Global News Summary : 10-16 January 2026
The second full week of 2026 was dominated by inflation persistence, interest-rate discipline, and uneven global momentum. In the United States, inflation remained stable but not weak enough to trigger urgency from the Federal Reserve, keeping long-term yields elevated and reinforcing the message that policy easing will be gradual. Europe showed modest but welcome signs of activity resilience, with production and retail data improving at the margin. China delivered a striking external milestone with a record trade surplus, underlining how much growth still depends on exports rather than domestic demand. In the UK, growth surprised positively, but labour-market fragility continued to temper optimism. Japan remained a focal point for global markets as rising government bond yields reinforced its role as a driver of global funding costs.
United States
Inflation
US inflation held steady. Headline CPI for December remained at 2.7% year-on-year, while core inflation eased slightly to 2.6%, confirming continued disinflation but not yet a clear return to price stability.
Debt Securities
Treasury yields remained elevated, reflecting the market’s reassessment of how quickly policy can ease. By mid-January, the 10-year yield hovered around 4.0%, while the 30-year remained near 4.8%, continuing to act as a valuation constraint for long-duration assets.
United Kingdom
Economic Growth
UK growth data surprised on the upside. Monthly GDP rose by 0.3% in November, reversing the previous month’s decline. Manufacturing and services contributed positively, though construction activity remained weak.
Jobs
Despite the better growth reading, labour-market conditions continued to soften. Unemployment was widely assessed around 5.1%, and the number of payrolled employees had declined since the autumn, keeping concerns about labour-market slack alive.
Eurozone
Economic Growth
Economic activity showed incremental improvement. Industrial production rose by approximately 0.7% month-on-month, while retail sales edged up by around 0.2%, suggesting the economy entered 2026 with modest forward momentum.
Inflation (Pipeline)
Upstream price pressures ticked slightly higher, with producer prices increasing around 0.5% month-on-month, a signal worth monitoring but not yet problematic.

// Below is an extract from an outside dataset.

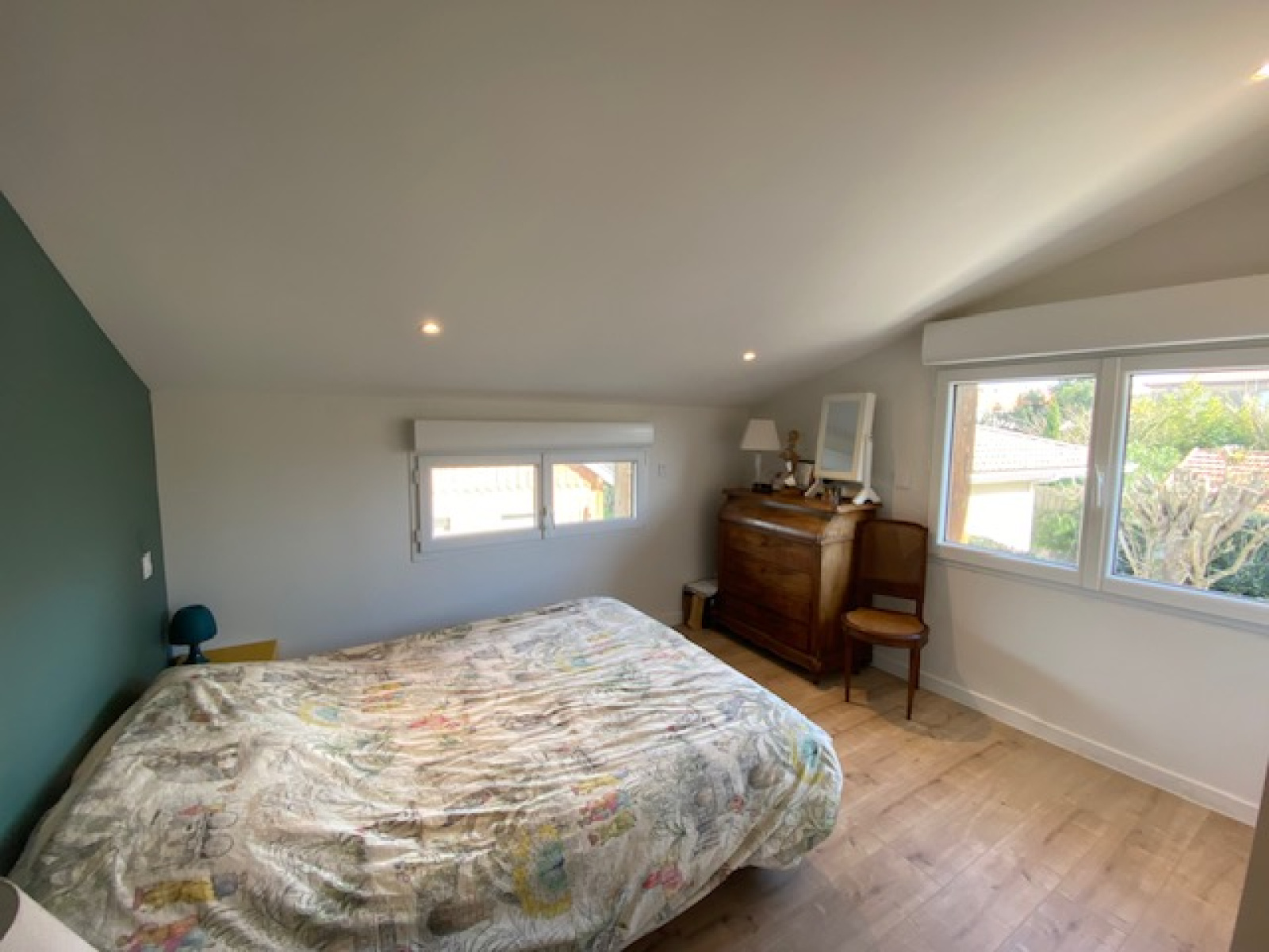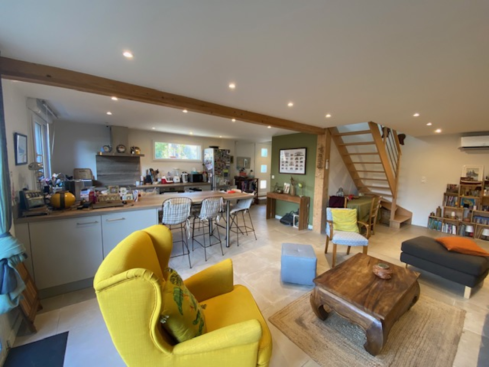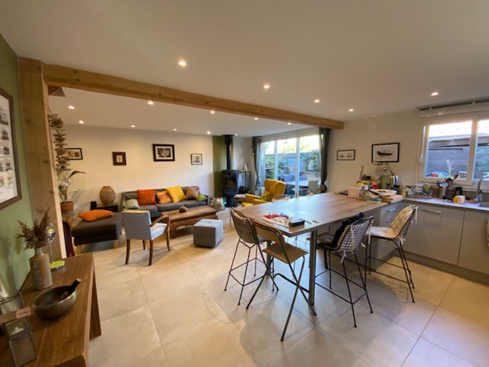 La Teste-de-Buch (33260)Adorable maison de ville avec terrasse, en plein coeur de la Teste, comprenand sur deux niveaux : Entrée, vaste salon avec poêle à bois et cuisine équipée ouverte, buanderie, 3 grandes chambres, mezzanine, salle d'eau et deux toilettes.
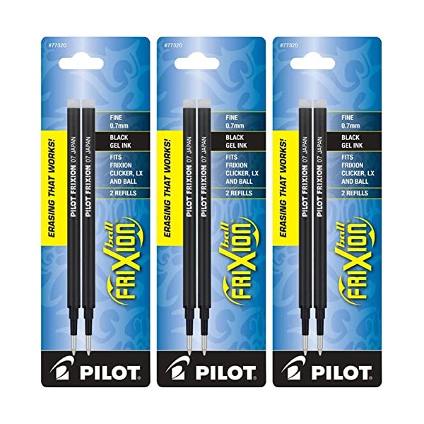 PILOT FriXion Gel Ink Refills for Erasable Pens, Fine Point, Black Ink, 6-Pack (14718)

Debt Securities / External Balance
The euro area continued to run a goods trade surplus of roughly €10 billion, supporting growth and helping anchor bond-market confidence.
China
Economic Growth (External Channel)
China reported a record annual trade surplus of nearly US$1.2 trillion for 2025, with exports reaching around US$3.77 trillion and imports about US$2.58 trillion. This highlighted the economy’s continued reliance on external demand.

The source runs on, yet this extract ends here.